Everything we say is routine, turns out to have its own twists and turns. This is true with selling a small business as well. In this case, a small business is one that has perhaps $3,000,000 in annual sales. It may not be so small to operate and certainly requires the ingenuity of the owner.
From the seller’s perspective a typical sale looks like this:
- The owner elects to have me do a valuation, a paid professional service
- This takes about 10 days from the time I receive all of the materials.
- I present the owner with a value that meets standards and a marketing package/draft.
- The owner elects to list with me (or not.)
- The listing excludes anyone you want to exclude.
- The business is marketed according to our mutually agreed to plan and materials.
- I vet all comers, sending materials to only those that meet certain requirements, including signing non-disclosure, do no harm agreement and declaring financial capability.
- The owner (with me) has a phone or in person meeting with those who have a keen interest.
- The buyer may request additional information to be sent and it is the owner’s decision whether to release it before an agreed-to offer. The owner needs to have a certain comfort level that the
- buyer is not merely a tire-kicker and has capability to buy and operate. The latter is particularly true if the owner is to be asked to finance a share of the sale.
- The offer is presented and you agree, counter, walk away.
- Due diligence begins, including contacting landlords, and perhaps others who must agree to the transaction
- You close and retire to live happily ever after! Or, maybe you buy another business.
From the time of offer to close can be as short as two weeks if it is a cash offer. With financing the close can be as short as 30 days. However, with bank or other financing, in today’s environment, the process can be delayed.
Not every business sells. Beyond marketing, perhaps the three most important features to help ensure a sale are:
- Right price and terms
- Well organized and managed
- Openness with the right buyer
Getting to Close and Professional Assistance:
Generally, I, the business intermediary, will write the offer usually as a full Offer to Purchase or Purchase Agreement (Comprehensive Agreements). Sometimes this is done as a shorter Letter of Intent or Term Sheet and followed up with one of the Comprehensive Agreement.

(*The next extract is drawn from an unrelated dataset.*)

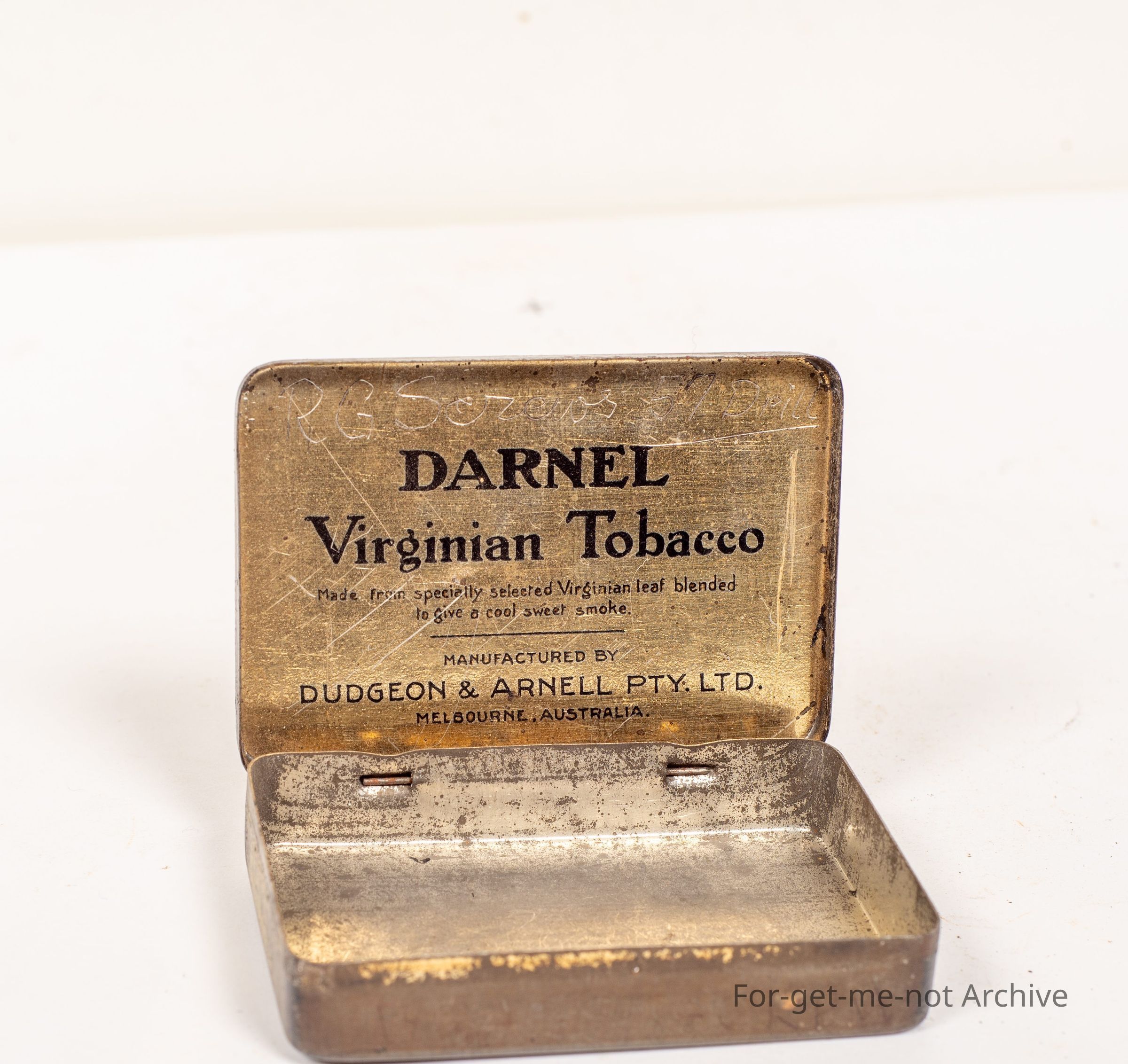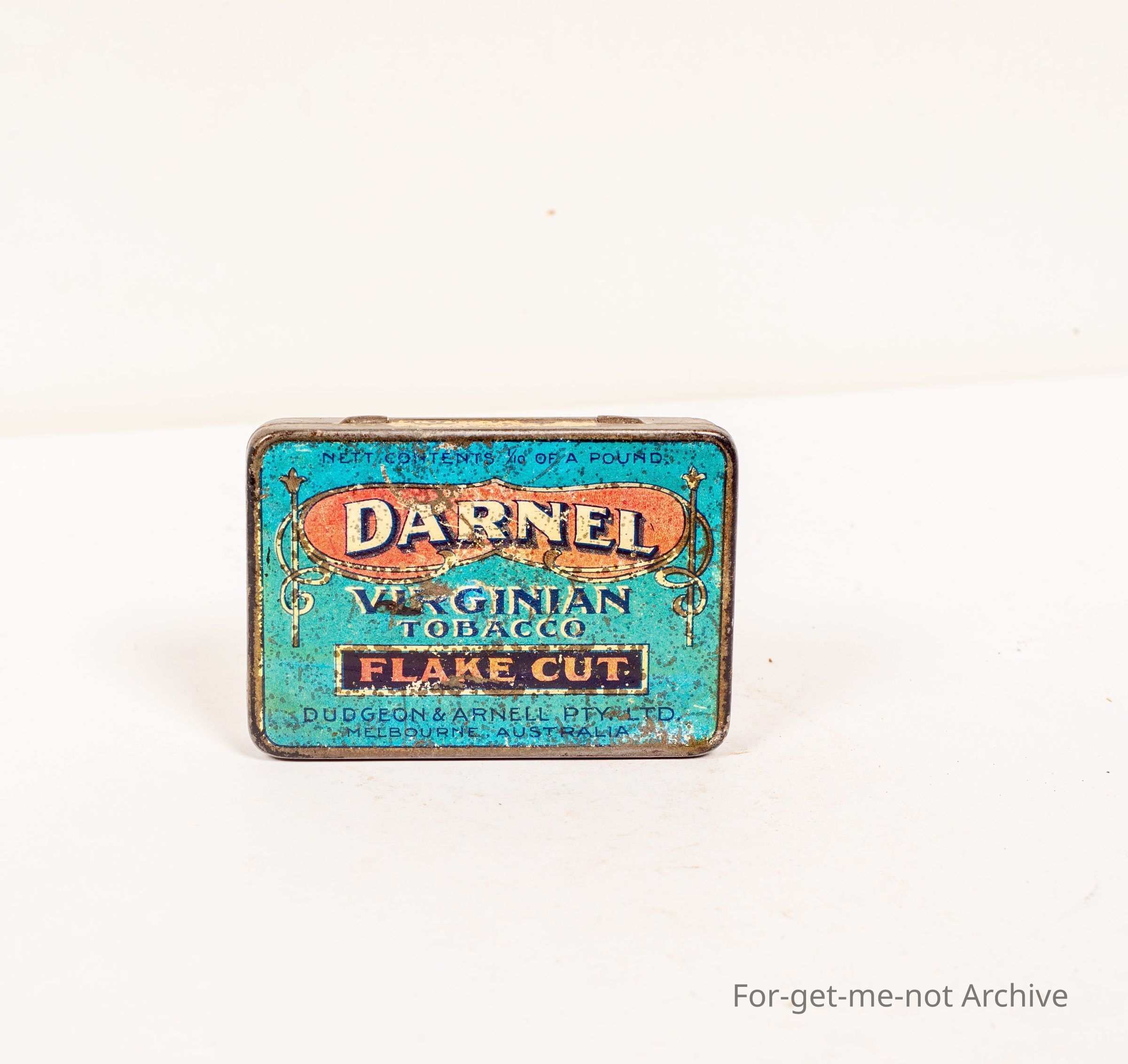 Lovely early Australian tin tobacco called Darnell Virginia Tobacco Flake Cut, Darnell and Dungeon and Darnell Arnel Melbourne. One net contents, 1 tenth of a pound.

Further the record review or due diligence process (Review), when the buyer asks for details about the business to help assess reasonableness to buy. As the intermediary, I will assist with this process working between the parties and providing platforms for document sharing and guidance for reasonableness.

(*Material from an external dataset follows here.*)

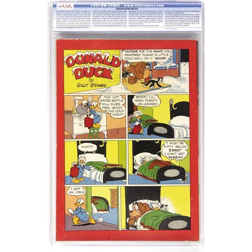 <B>Four Color #62 Donald Duck in "Frozen Cold" - Davis Crippen ("D" Copy) pedigree (Dell, 1945) CGC VF 8.0 Cream to off-white pages.</B></I> A classic by the duck master himself, Carl Barks. One of the most collected issues of the massive <B>Four Color</B></I> run, this one is a beauty with only slight corner wear and some light tanning around the edges. A must for any serious Disney collector. Overstreet 2006 VF 8.0 value = $1,461. CGC census 7/06: 3 in 8.0, 5 higher. <I>From the Crippen Collection.</B></I> <BR><BR><B>Important notice:</B> Heritage usually auctions material at the rate of 200-250 lots per hour. On some occasions eBay Live bid software or the Internet may not be able to keep up with the pace of the auction. We recommend placing a realistic absentee bid now as insurance to avoid disappointment. Occasionally the auctioneer may eliminate or reject an eBay Live bid, and the auctioneer may also reopen a lot after the close of the eBay live bidding (usually because we missed an audience bid), and may reject your bid even if it shows you as the winning bidder. By bidding via eBay Live, you agree that Heritage may award the lot to another bidder at its sole discretion under the circumstances described above or any other reasonable circumstances. Since eBay bids are not shown to us until we open the lot on the floor, we treat those bids just like floor bids. In most cases the floor responds before the eBay bid is presented to us, due to Internet lag time, so for consistency we have made it a policy that floor bids are always considered first over tie eBay live bids. Also please note that all Heritage lots purchased through eBay Live carry a 22.5% Buyer's Premium. Please make sure you read the Terms and Conditions before you bid. This lot is being auctioned in conjunction with a live floor auction by Heritage Auction Galleries. All final auction and invoice information will be supplied by Heritage Auction Galleries, and all other information should be considered preliminary. Lot:41001 <BR><BR><B>Winning Notification and Billing:</B> After the FINAL session in this auction is complete, Heritage will send e-mail and snail mail invoices. This process normally takes several days. All final auction and invoice information will be supplied by Heritage Auction Galleries, and all other information should be considered preliminary. <BR><BR>This auction will be conducted on a live auction floor and over the Internet through eBay Live. If you choose to place an absentee bid, please take a moment to <font color='#0000ff'><u><a href='http://pages.ebay.com/liveauctions/help/before/laabsentee.html'>learn how eBay Live absentee bidding works</a></u></font><font color='#000000'>

The seller may also be reviewing the credit worthiness, if seller financing has been requested to provide some financing.
During this Review, a contingency of the agreement to buy/sell, other determinations may be necessary such as allocation of purchase price, lease agreements, and plans for transition post sale.
My professional assistance is often engaged with lenders to secure proper documentation to support the lending decision.
Finally, as we approach close on the sale, a neutral escrow agent and transaction attorney, will ask the parties to sign off to close, ensuring payment for services s/he is to provide for drafting closing documents, holding and distributing funds held in escrow. (Note – from time to time there are other formats, professionals engaged in this process.
Throughout, the parties should be engaging their own accountant and attorney for professional opinions and assistance.